- Born: Bayelsa State, Nigeria
- Education: RSUST King's College London
- Occupation: Lawyer
- Office: President, CLA
- Term: 2011–2013

= Boma Ozobia =

Nigerian lawyer

Boma Ozobia OON is a founding Partner of Sterling Partnership, Nigeria. She was also former President of the Commonwealth Lawyers Association (2011-2013), the first woman President in the history of the association.

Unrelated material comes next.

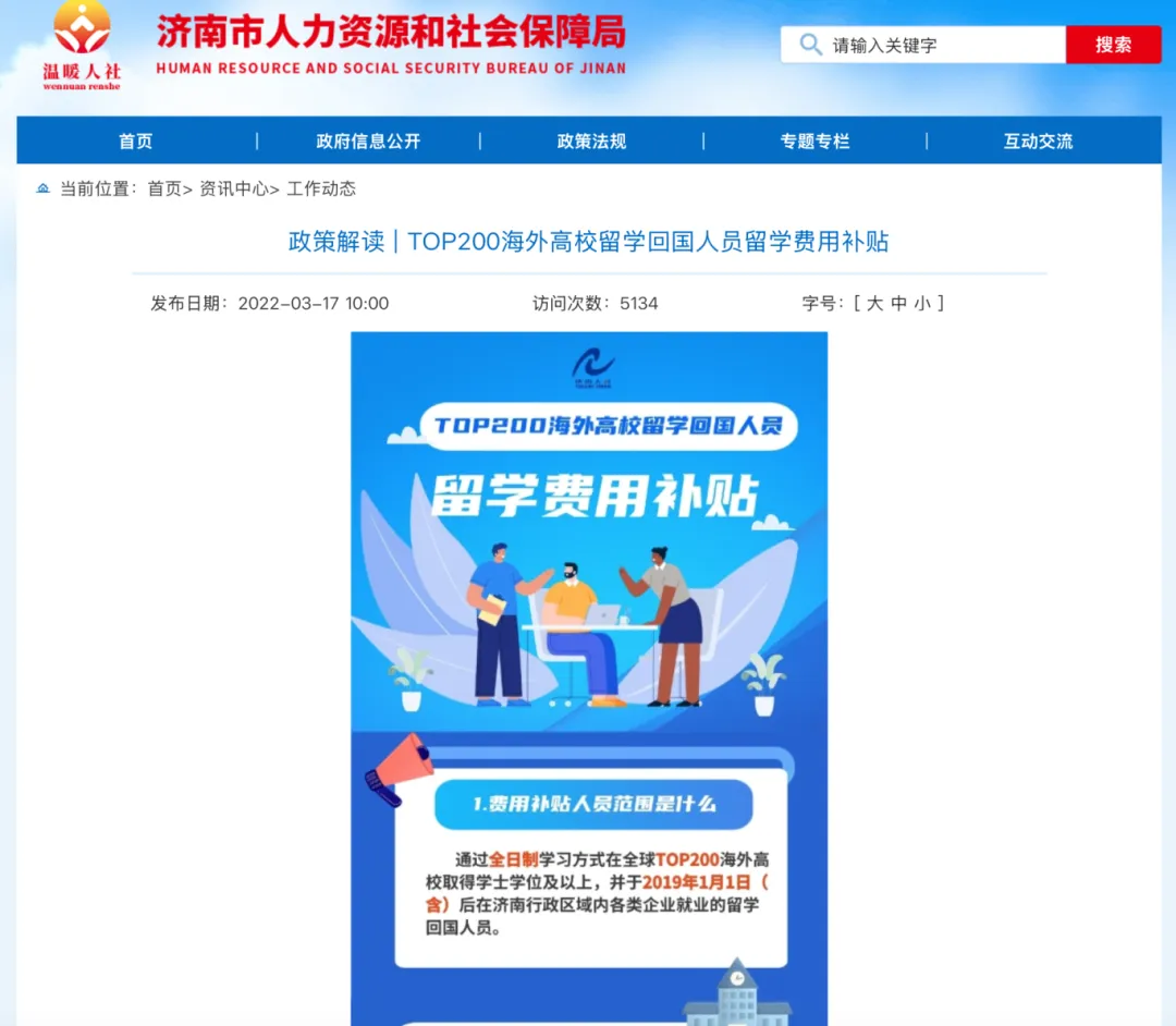 济南:本科毕业生可申领最高 4 万元留学费用补贴;

==Early life and education==
Boma is from Bayelsa State, Nigeria. She had her secondary school education at Federal Government Girls' College, Abuloma, Rivers State. Thereafter, she attended the Rivers State University where she graduated with a LLB and went for her LLM in King's College London.

==Career==
Boma Ozobia was the Vice President of the Commonwealth Lawyers Association from 2009 to 2011 and became the President from 2011 to 2013.
Before then, she was the chairperson, Association of Women Solicitors England and Wales (2005/2006); chair, NBA Section on Legal Practice Professional Development Committee. She is the founder and Senior partner of Sterling Partnership. She was also on the Board of Trustees of the Royal Commonwealth Society and was awarded the national honour of an Officer of the Order of the Niger (OON) in September 2014.

==Personal life==
Her father attended the University College Ibadan. Her uncle Ambrose Alagoa was the first indigenous Chief Judge of Rivers State. Another uncle of hers, Justice Stanley Alagoa was also a lawyer who rose to the position of Supreme Court Justice in Nigeria. Her grandfather was also a Magistrate.